The third quarter ended on a significantly more uncomfortable note after the comparative calm of the summer.
Inflation is proving to be more stubborn than the advertised ‘transient’ and central banks are moving towards tapering and a recognition that rates will have to go up next year. Not before time, but I don’t envy them the management of the taper. Bond markets took notice and fell, taking the UK ten-year yield back up to 1% (it had been trading close to 0.5% in the summer) and the US ten-year to 1.5%. Long-dated gilts are now down by around 15% over the year, having fallen 10% over the past five weeks.
The combination of pent-up demand post COVID-19 with supply and transport shortages and rising energy costs is pushing up inflation and making a mockery of the forecasts. Increasingly, the wage pressures are there to see too, and it is not surprising to hear Jerome Powell state that the ‘conditions have been met’. Presumably we will hear shortly whether Chairman Powell is to be granted another term at the Federal Reserve.
Domestically, we have been treated to some extra, home grown, problems (many thanks to Brexit) including shortages of HGV drivers, agricultural workers, pig butchers etc. Now (ever reliable) the BBC is pushing a ‘winter of discontent’ theme... I think it is unfortunate that Andrew Bailey is now talking about the supply shortages being ‘transient’. I hope he is right, but it is time for a change in the dialogue.
Meanwhile, China has again been illustrating the limits to acceptable capitalism as the true state of the heavily indebted Evergrande Group was revealed. There is little doubt that this will lead to lower growth for China as property is such an important part of their economy, though they do have ‘levers to pull’ and the Renminbi has remained steady.
Unsurprisingly, US stocks had their worst month of the year with the markets down around 5% including the tech sector. The same was true of most equity markets, though London’s headline indices were shielded by a sharp rally in the major oil companies, which still represent a significant slice of the market. Japanese stocks bucked the trend with a rally on the back of the change in political leadership.

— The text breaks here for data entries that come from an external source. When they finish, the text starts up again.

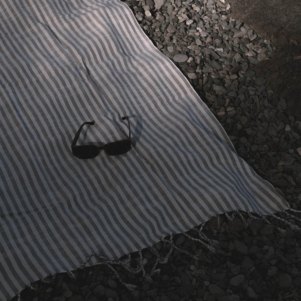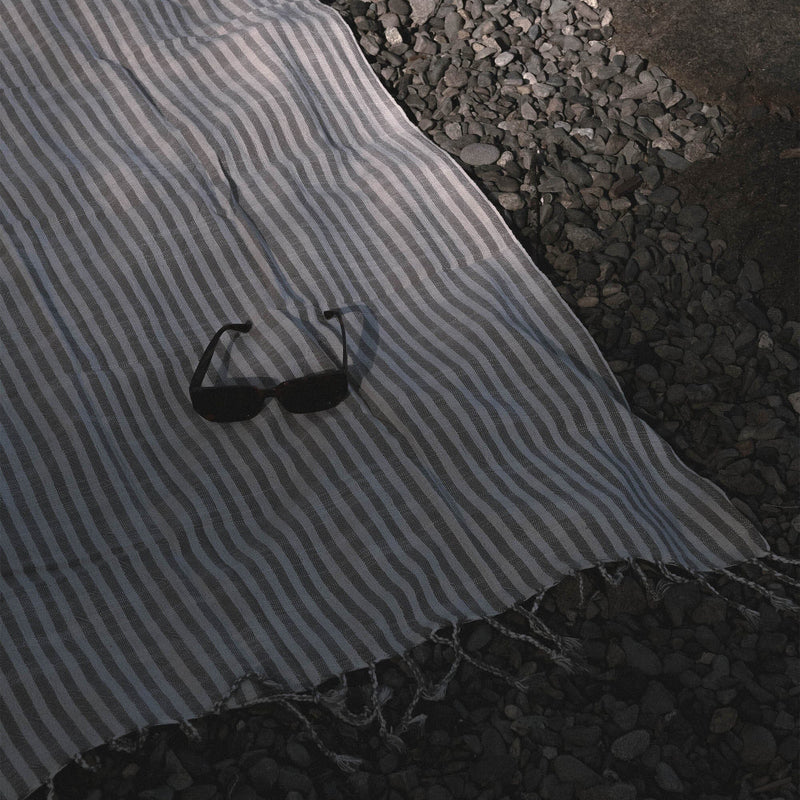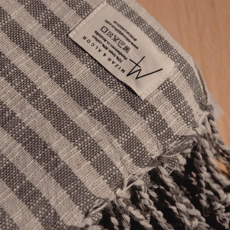Turkish Linen Towel | Grey Stripe
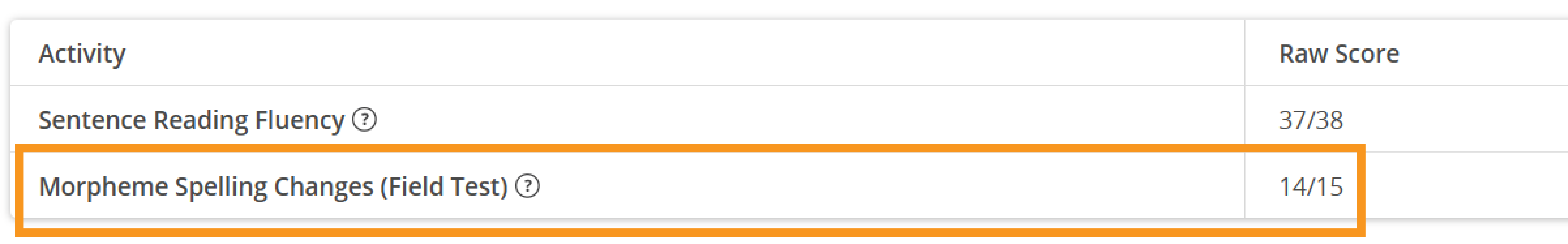Field test measures generate a raw score under the Activity section and include “(Field Test)” in the displayed activity name.
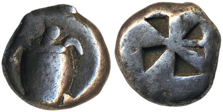 Coins, Ancient, Greek coins. Aegina, Attica. (ca. 520–480 BC). Stater, 12.32 g. Sea turtle seen from above, head facing left / Incuse 'mill sail' pattern. HGC 6, 430. Ex. Baldwin's, London. Good VF.
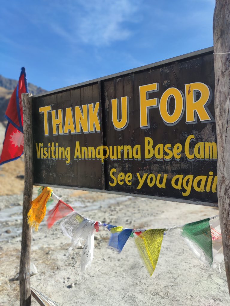 Finalmente conseguimos el objetivo de nuestro viaje, llegar al Campo Base del Annapurna 4130m. Es difícil explicar la sensación de estar rodeado de algunos de los gigantes montañosos más altos del mundo, te hacen sentir minúsculo, a nuestro frente estaba el Annapurna I 8091m (la décima montaña más alta del mundo), a nuestra izquierda el Annapurna South 7219m, detrás de nosotros el ya citado Machapunchare 6993m y a la derecha el Annapurna III 7575m.
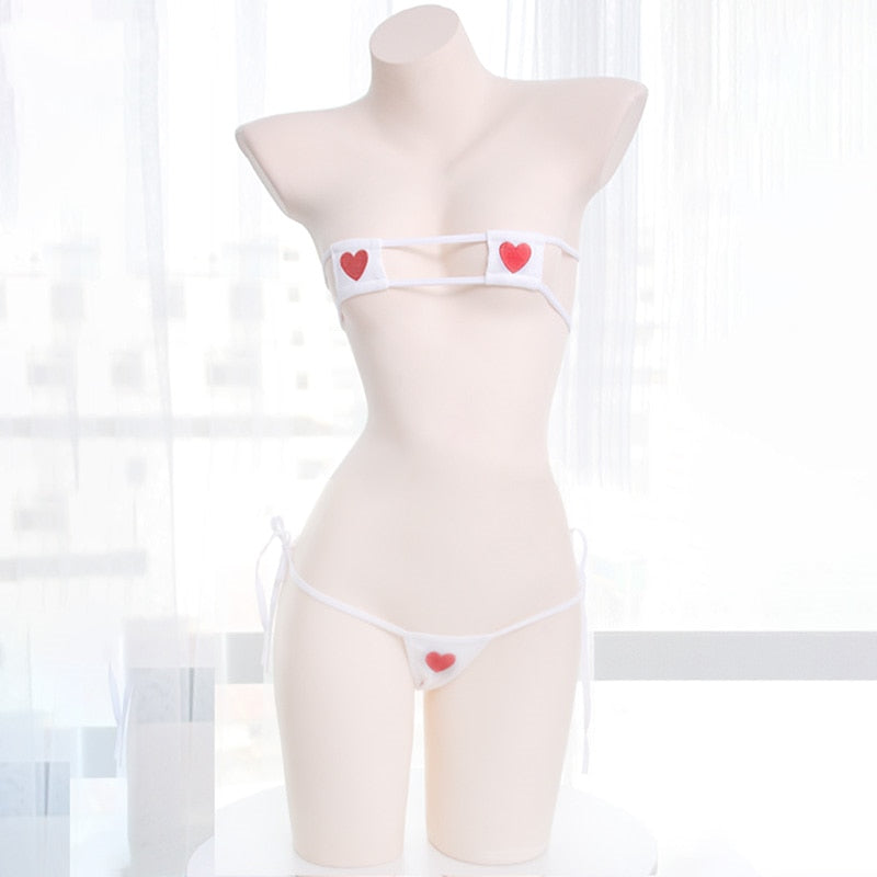Sexy kawaii Lingerie Anime Heart Embroidery Shimapan Bows Bikini Set

Amidst the gloom, we should perhaps not lose sight of the fact that we do appear to be emerging from the pandemic (as I write Merck has announced successful trials of a Covid-19 antiviral pill). The UK economy is now running at 103% of pre-COVID levels (Jefferies EAR research), while Europe is almost back to pre-COVID levels. The US has struggled with the latest wave of the delta variant but this is now declining rapidly and their recovery appears to be back on track.